I just ran the code in FireFox/FireBug and called the function this way
getDirections(0);
getDirections('1');
getDirections("2");
The first one does it correctly and the next two enter default.
They are strings and not integer which is what the cases are looking for.
I added
case "2":
img+='NO2.png';
break;
and then only the middle one entered the default. Obviously there is an issue with the way you are calling the function. It is likely passing a string.

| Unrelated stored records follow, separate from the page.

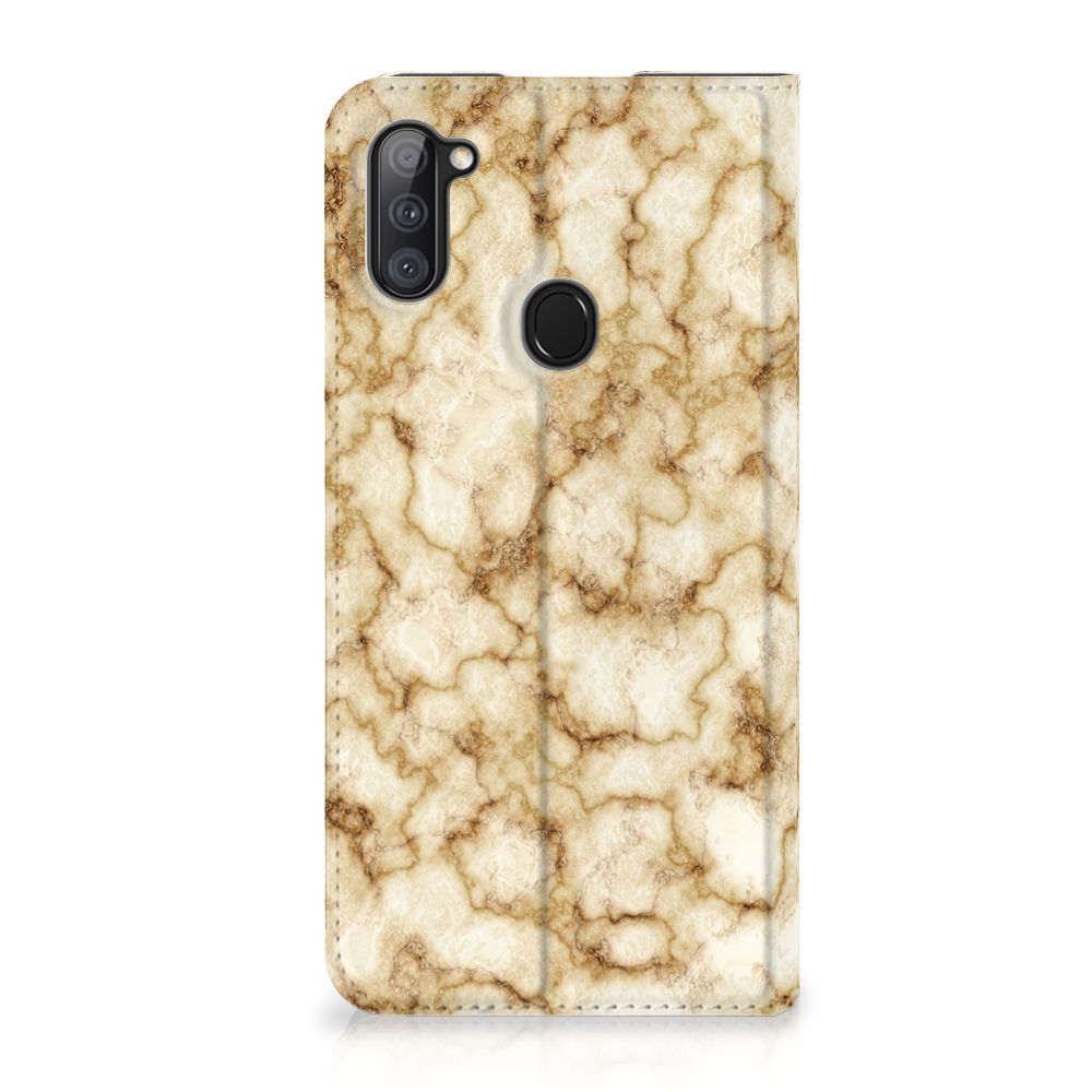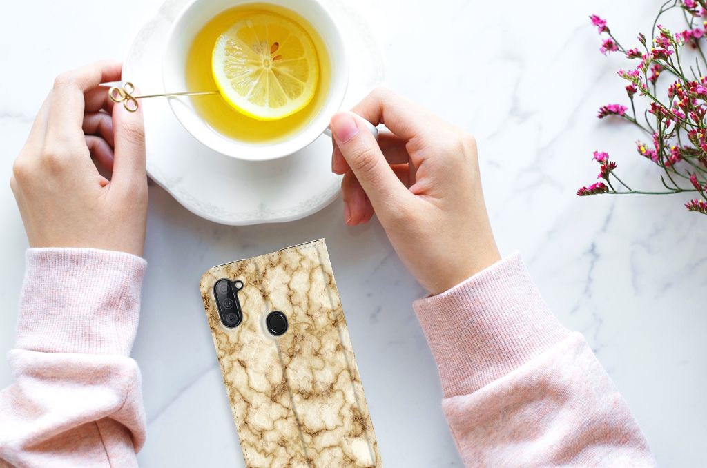 Deze Samsung Galaxy M11 | A11 Standcase met Marmer Goud is het waard om een blokje voor om te rijden. Dit is overigens niet nodig. Als je het hoesje met goud marmer nu bestelt heb je het zeer snel in huis. Je kunt er bij wijze van spreken thuis op gaan zitten wachten. Je hebt diverse soorten marmer. We hebben enkele fraaie kleuren op onze hoesjes gezet, zoals in dit geval het gouden marmer. Het gouden marmer wordt bedrukt op alle zijden van de stand case, die beschikt over een vakje voor pasjes of briefgeld en een magnetische sluiting aan de binnenzijde. Verder heeft de case met goud marmer een houder van TPU. De rijkheid aan kleuren en variaties in afwerking is een schitterende eigenschap van marmer. Dit stand hoesje met goud marmer heeft ook veel schitterende eigenschappen en is de ideale bescherming voor jouw smartphone.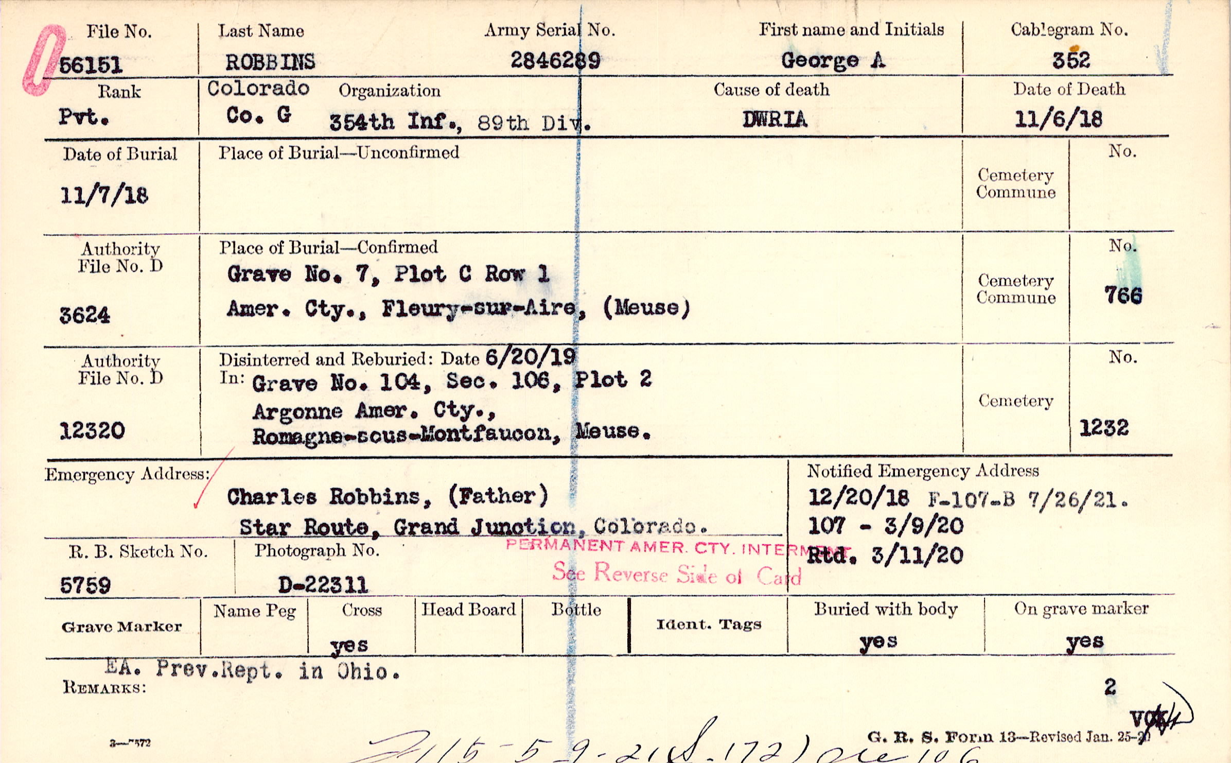 Charles Robbins, (Father), Star Route, Grand Junction, Colorado.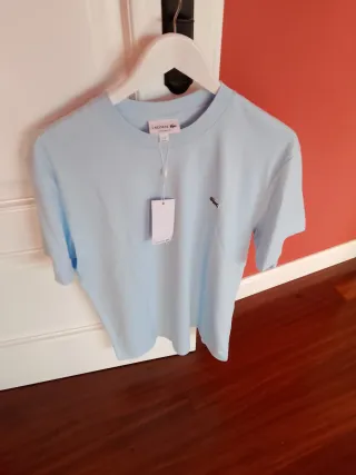 Camiseta de manga corta Lacoste en un bonito tono azul claro. Perfecta para un look casual y cómodo.Prendas ideales para 🎁 en navidad y reyes Adelanta tus 🛒 - Logo del cocodrilo bordado en el pecho. - Cuello redondo. - Tejido suave y transpirable.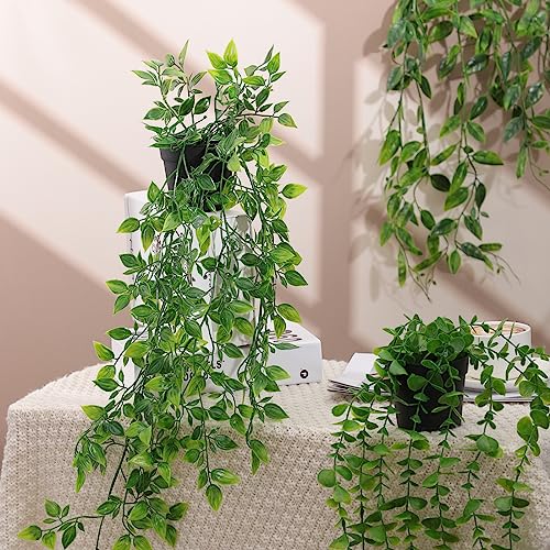 - Package includes: You will receive 3 packs of 3 styles of green fake plastic plants, which are mandala, snow pea, and eucalyptus, and the branches of each green hanging plant have different lengths. The styles are rich and well-proportioned, very suitable for decorating your balcony, wall, bedroom, living room, office, etc.

I also used your if-else block (added an else{alert(dir);} and that returned the correct value for each call.
Javascript can do on the fly conversion (I think there's a better word for that) between strings and ints (and others). This is occuring when you do the comparrison using ==. If you change the comparison in the ifs to === you get the same behavior as with the switch block.
I pasted your code into an HTML file and ran it with the following buttons:
<button onclick="alert(getDirections(2))">Switch / Int</button>
<button onclick="alert(getDirections('2'))">Switch / String</button>
<button onclick="alert(getDirections2(2))">If-Else / Int</button>
<button onclick="alert(getDirections2('2'))">If-Else / String</button>
When calling the switch-version with a plain 2, it works as expected. Calling it with '2' makes it drop through to the default line. The if-else version works as expected in both cases. So the issue is probably that switch doesn't do an implicit conversion and == does.